• Given records
^^^^
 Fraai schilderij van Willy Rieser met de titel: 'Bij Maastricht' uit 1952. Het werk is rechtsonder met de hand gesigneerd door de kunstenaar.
^^^^
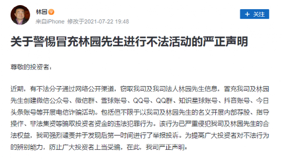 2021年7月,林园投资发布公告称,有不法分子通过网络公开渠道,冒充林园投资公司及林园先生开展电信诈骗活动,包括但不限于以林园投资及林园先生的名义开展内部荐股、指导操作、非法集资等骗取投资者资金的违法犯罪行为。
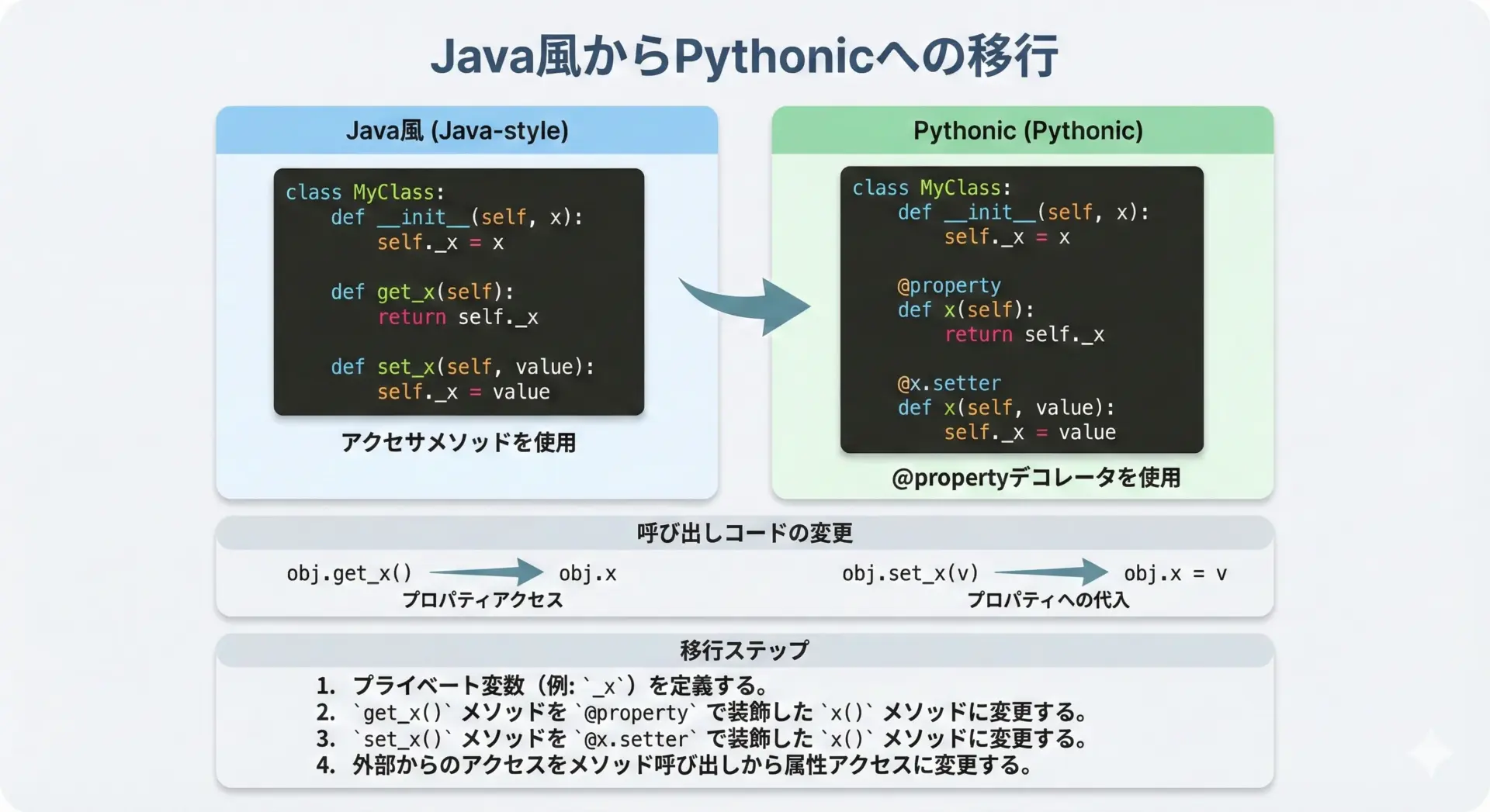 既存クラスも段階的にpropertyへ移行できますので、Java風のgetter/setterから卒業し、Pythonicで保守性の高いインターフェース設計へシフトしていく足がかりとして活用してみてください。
^^^^
• Aim of the task
Please set down, exactly and with no pictures, the lines in the entries above starting at the one holding "2021年7月,林园投资发布" and ending at the one holding "既存クラスも段階的にprop", ends included.

• Task response
 2021年7月,林园投资发布公告称,有不法分子通过网络公开渠道,冒充林园投资公司及林园先生开展电信诈骗活动,包括但不限于以林园投资及林园先生的名义开展内部荐股、指导操作、非法集资等骗取投资者资金的违法犯罪行为。
 既存クラスも段階的にpropertyへ移行できますので、Java風のgetter/setterから卒業し、Pythonicで保守性の高いインターフェース設計へシフトしていく足がかりとして活用してみてください。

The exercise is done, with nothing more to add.